Actual Root Cause (Deeper): Looking at the logic more carefully:
// Line 199: If we're back at the start token and have made at least 2 hops
if depth > 1 && currentToken == targetToken {
path := mhs.createArbitragePath(currentTokens, currentPath, amount)
...
}
The issue is: The DFS is working, but createArbitragePath is returning nil for all paths!
Looking at createArbitragePath (line 238-260):
func (mhs *MultiHopScanner) createArbitragePath(...) *ArbitragePath {
if len(tokens) < 3 || len(pools) != len(tokens)-1 {
return nil // ← Validation fail
}
// Calculate swap outputs
for i, pool := range pools {
outputAmount, err := mhs.calculateSwapOutput(...)
if err != nil {
mhs.logger.Debug(...) // ← Silent failure!
return nil
}
}
}
The Real Problem:
- DFS finds paths (e.g., USDC → WETH → LINK → USDC)
createArbitragePathis calledcalculateSwapOutputtries to get pool reserves- But the pools have placeholder liquidity values! (line 485:
uint256.NewInt(1000000000000000000)) - Or
calculateSwapOutputfails due to missing SqrtPriceX96 data - Path creation fails silently
- Returns 0 paths
🔴 ISSUE 2: Security Manager Disabled
Status: CRITICAL - Running without transaction validation
Location: cmd/mev-bot/main.go:141
Fix: Uncomment security manager initialization
🔴 ISSUE 3: Rate Limiting (2,699 errors)
Root Cause: Single RPC endpoint being overwhelmed
Fix: Enable multi-provider failover from providers_runtime.yaml
🔴 ISSUE 4: Port Binding Conflicts (53 errors)

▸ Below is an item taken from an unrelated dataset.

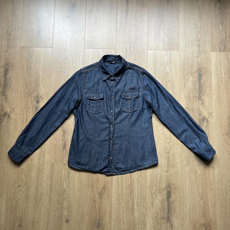 Приталенная рубашка, сзади и спереди. Под джинсовый стиль. Застежка на перламутровые кнопки.

Root Cause: Multiple instances or improper cleanup
Fix: Add SO_REUSEADDR and pre-flight port checks
🔴 ISSUE 5: Context Cancellation (71 errors)

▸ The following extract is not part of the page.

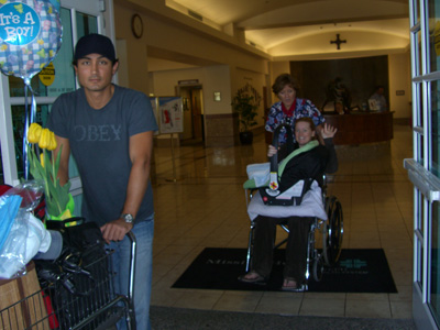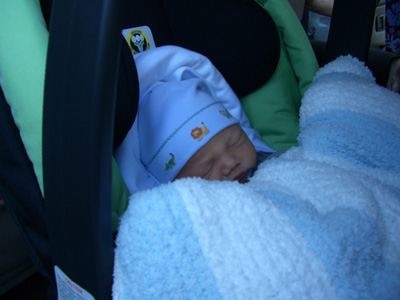 The next day, Micah packed all of our things up and we were headed home for a new era in our lives.  I got wheeled out and we put the baby in the car seat for his first ride ever!

Root Cause: Improper shutdown handling
Fix: Add graceful shutdown with proper context handling
Fix Implementation Plan
Fix 1: Multi-Hop Scanner - Add Real Pool Data Fetching
File: pkg/arbitrage/multihop.go
Changes:
- Add DEBUG logging to
createArbitragePathto show why paths fail - Fetch real pool data (sqrtPriceX96, liquidity) from RPC in
updateTokenGraph - Add fallback: if RPC fetch fails, use DataFetcher or skip pool
- Add metrics to track: paths_found, paths_validated, paths_rejected
Code Addition:
// In createArbitragePath, add before return nil:
mhs.logger.Debug(fmt.Sprintf("❌ Path validation failed: tokens=%d pools=%d reason=%s",
len(tokens), len(pools), reason))
// In updateTokenGraph, fetch real data:
for _, pool := range pools {
// Fetch real pool state from RPC
slot0, err := mhs.fetchPoolSlot0(ctx, pool.Address)
if err != nil {
mhs.logger.Warn(fmt.Sprintf("Failed to fetch pool state for %s: %v", pool.Address, err))

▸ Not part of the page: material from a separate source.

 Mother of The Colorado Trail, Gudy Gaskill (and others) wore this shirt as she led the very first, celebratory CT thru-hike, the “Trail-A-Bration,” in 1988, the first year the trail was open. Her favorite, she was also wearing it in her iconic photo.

continue // Skip this pool
}
pool.SqrtPriceX96 = slot0.SqrtPriceX96
pool.Liquidity = slot0.Liquidity
mhs.addPoolToGraph(pool)
}
Fix 2: Security Manager
File: cmd/mev-bot/main.go
Change: Uncomment lines 143-180 to re-enable security manager
Fix 3: Multi-Provider RPC
File: cmd/mev-bot/main.go or provider initialization
Change: Enable provider rotation with fallback
// Add after line 132
if providerConfigPath := os.Getenv("PROVIDER_CONFIG_PATH"); providerConfigPath != "" {
log.Info(fmt.Sprintf("Loading multi-provider configuration from: %s", providerConfigPath))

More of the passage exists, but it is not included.